Task material —
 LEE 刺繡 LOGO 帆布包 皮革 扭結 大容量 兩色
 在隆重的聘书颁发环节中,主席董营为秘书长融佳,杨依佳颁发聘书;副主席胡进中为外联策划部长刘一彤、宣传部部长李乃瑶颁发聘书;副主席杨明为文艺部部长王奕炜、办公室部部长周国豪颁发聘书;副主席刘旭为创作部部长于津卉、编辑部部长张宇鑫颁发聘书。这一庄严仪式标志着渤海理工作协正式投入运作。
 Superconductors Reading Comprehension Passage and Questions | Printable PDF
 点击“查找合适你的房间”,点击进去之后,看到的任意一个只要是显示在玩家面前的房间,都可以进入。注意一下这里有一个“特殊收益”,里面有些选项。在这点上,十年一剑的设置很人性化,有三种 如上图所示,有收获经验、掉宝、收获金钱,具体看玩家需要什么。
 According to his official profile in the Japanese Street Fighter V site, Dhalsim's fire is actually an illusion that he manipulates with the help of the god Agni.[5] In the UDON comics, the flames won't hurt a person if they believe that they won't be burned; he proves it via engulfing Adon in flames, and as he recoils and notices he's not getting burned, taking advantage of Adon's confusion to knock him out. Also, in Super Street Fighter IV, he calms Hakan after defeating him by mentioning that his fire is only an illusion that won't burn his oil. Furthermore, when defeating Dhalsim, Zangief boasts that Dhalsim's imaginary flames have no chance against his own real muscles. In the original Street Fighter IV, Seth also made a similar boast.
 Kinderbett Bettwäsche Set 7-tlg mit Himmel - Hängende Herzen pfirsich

...

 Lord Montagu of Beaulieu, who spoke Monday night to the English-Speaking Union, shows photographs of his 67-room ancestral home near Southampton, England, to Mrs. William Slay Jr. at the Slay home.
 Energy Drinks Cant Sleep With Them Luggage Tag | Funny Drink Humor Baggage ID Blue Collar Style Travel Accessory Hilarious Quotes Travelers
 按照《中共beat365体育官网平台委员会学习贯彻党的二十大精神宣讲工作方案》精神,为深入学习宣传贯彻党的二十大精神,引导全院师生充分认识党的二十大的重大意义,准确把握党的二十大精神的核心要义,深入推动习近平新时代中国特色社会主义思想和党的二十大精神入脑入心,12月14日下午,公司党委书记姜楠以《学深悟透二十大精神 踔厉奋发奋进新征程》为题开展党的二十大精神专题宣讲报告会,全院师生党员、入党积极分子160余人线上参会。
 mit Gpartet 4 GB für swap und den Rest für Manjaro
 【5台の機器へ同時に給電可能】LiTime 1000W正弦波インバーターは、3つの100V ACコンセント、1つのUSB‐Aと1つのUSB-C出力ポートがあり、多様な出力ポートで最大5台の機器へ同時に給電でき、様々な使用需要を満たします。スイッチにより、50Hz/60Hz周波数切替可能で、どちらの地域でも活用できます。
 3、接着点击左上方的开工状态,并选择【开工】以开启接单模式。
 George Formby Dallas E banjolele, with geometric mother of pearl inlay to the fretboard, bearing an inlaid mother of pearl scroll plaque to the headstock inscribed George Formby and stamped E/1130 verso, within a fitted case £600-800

* * *

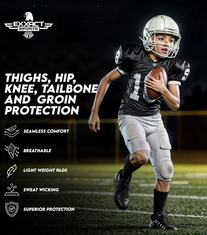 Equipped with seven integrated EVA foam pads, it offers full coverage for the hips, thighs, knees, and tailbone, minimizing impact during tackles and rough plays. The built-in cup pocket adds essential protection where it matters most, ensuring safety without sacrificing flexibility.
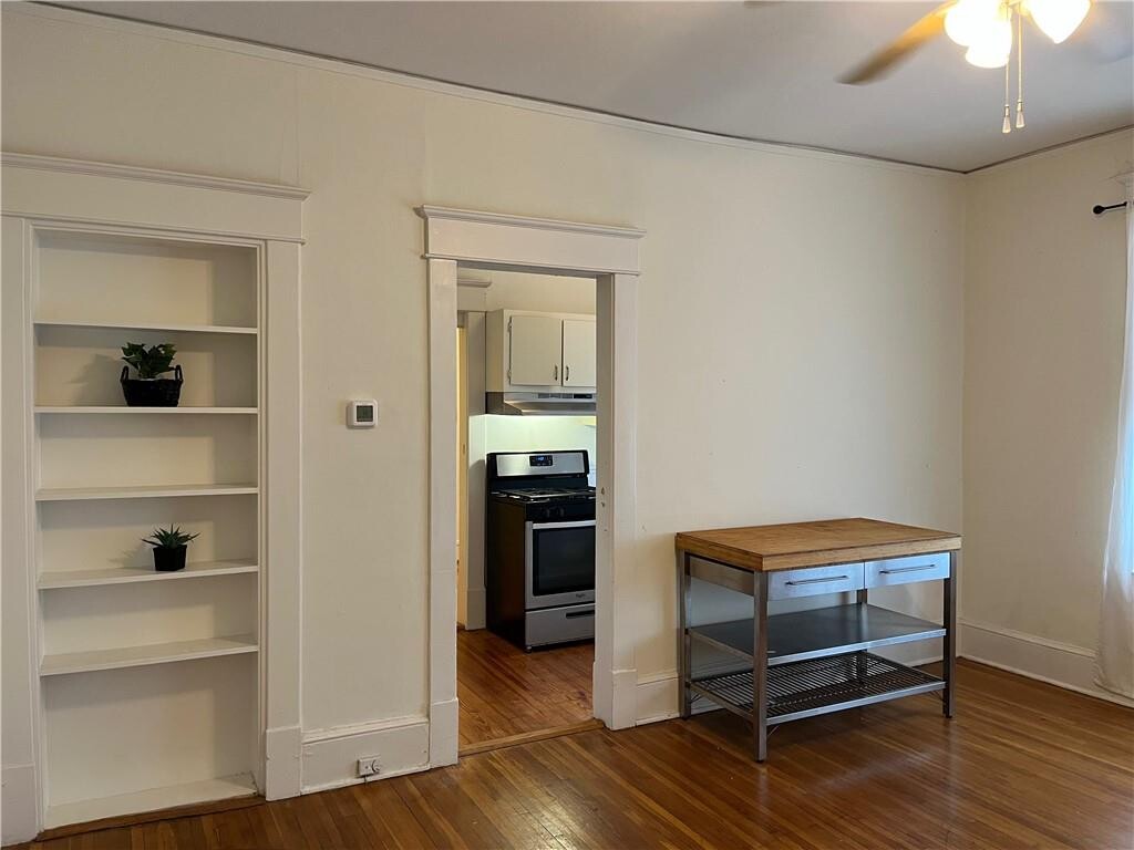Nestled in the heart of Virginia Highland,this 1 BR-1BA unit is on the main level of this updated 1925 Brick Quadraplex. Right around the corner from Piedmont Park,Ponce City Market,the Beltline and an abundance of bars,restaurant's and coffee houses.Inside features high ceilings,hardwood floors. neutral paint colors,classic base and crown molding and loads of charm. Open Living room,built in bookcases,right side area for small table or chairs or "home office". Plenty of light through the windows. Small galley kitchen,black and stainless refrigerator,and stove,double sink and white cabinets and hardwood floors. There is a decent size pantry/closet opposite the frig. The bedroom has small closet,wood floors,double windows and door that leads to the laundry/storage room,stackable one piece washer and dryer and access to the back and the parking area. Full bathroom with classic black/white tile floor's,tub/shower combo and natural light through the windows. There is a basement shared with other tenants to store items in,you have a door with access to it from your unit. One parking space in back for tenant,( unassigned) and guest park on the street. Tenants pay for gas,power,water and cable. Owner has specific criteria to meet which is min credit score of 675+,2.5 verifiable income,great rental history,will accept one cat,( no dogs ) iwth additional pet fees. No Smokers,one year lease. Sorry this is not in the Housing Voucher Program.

Required work — Would you please repeat exactly the lines above, starting at the line with "LEE 刺繡 LOGO 帆布包 皮革 扭結 大容量 兩色" and stopping at the line with "Kinderbett Bettwäsche Set", both included?

The answer —
 LEE 刺繡 LOGO 帆布包 皮革 扭結 大容量 兩色
 在隆重的聘书颁发环节中,主席董营为秘书长融佳,杨依佳颁发聘书;副主席胡进中为外联策划部长刘一彤、宣传部部长李乃瑶颁发聘书;副主席杨明为文艺部部长王奕炜、办公室部部长周国豪颁发聘书;副主席刘旭为创作部部长于津卉、编辑部部长张宇鑫颁发聘书。这一庄严仪式标志着渤海理工作协正式投入运作。
 Superconductors Reading Comprehension Passage and Questions | Printable PDF
 点击“查找合适你的房间”,点击进去之后,看到的任意一个只要是显示在玩家面前的房间,都可以进入。注意一下这里有一个“特殊收益”,里面有些选项。在这点上,十年一剑的设置很人性化,有三种 如上图所示,有收获经验、掉宝、收获金钱,具体看玩家需要什么。
 According to his official profile in the Japanese Street Fighter V site, Dhalsim's fire is actually an illusion that he manipulates with the help of the god Agni.[5] In the UDON comics, the flames won't hurt a person if they believe that they won't be burned; he proves it via engulfing Adon in flames, and as he recoils and notices he's not getting burned, taking advantage of Adon's confusion to knock him out. Also, in Super Street Fighter IV, he calms Hakan after defeating him by mentioning that his fire is only an illusion that won't burn his oil. Furthermore, when defeating Dhalsim, Zangief boasts that Dhalsim's imaginary flames have no chance against his own real muscles. In the original Street Fighter IV, Seth also made a similar boast.
 Kinderbett Bettwäsche Set 7-tlg mit Himmel - Hängende Herzen pfirsich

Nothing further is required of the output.